At Inter, with a classic 4-2-3-1, he played Motta and Cambiasso - they fit your description of 'disruptor' and 'deep-lying playmaker' to a tee (as do the pairing that would follow at Madrid), but again, both could play very well, and either could break the lines with ease, even if one was more physical and the other, more positional. Both moved up into attack at times, while the other sat.
At Madrid, he reached the pinnacle of this organizational set-up at the base of midfield, with Khedira and Alonso - Khedira was the more 'physical' player, but he would actually maraud upfield all the way to the opponent's six-yard box to press high up, while Alonso would sit deep and ping the ball around.
Finally, at Chelsea in 14/15, Matic and Fabregas/Ramires was a bit new compared to all of the others - In Matic, they had a deep sitter who was almost exclusively devoted to screening the defence, and in Fabregas, a wispy, weak playmaker who was almost exclusively dedicated to playing the ball forward.
I think the point here is, a 'pure' disruptor and a 'pure' playmaker have been very ,very new additions to Mourinho's general approach. At his peak, he didn't want 'pure' players - he wanted multifunctional 'do it all' players.
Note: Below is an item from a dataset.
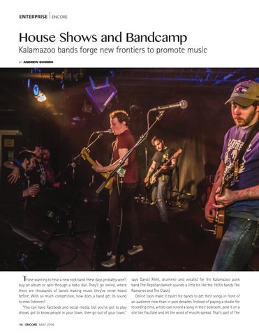 hose wanting to hear a new rock band these days probably won’t buy an album or spin through a radio dial. They’ll go online, where there are thousands of bands making music they’ve never heard before. With so much competition, how does a band get its sound to new listeners? “You can have Facebook and social media, but you’ve got to play shows, get to know people in your town, then go out of your town,” 16 | ENCORE MAY 2016

With strengths, yes - Xabi passed, Khedira pressed. But their positional discipline varied wildly, they could both pass, dribble, tackle and press, and the only consistency seems to be that one player was more 'energetic', and the other more 'sedate'.
Here, I don't think Mourinho actually would want a midfield of Dier and Winks. Dier is almost exclusively mono-functional - he screens the defense. He can't carry the ball, can't turn, can't run, can't even press up the field all the effectively because of his limited mobility post-injuries. Winks, while he can pass well, is defensively unsound - we look weaker with him in the team, because he can't screen the defense. And he isn't particularly offensively gifted either - he excels at recycling possession, but that's a limited skillset.
Dier and Winks are sort of discount versions of Matic and Fabregas. But I don't actually think Mourinho wants those players.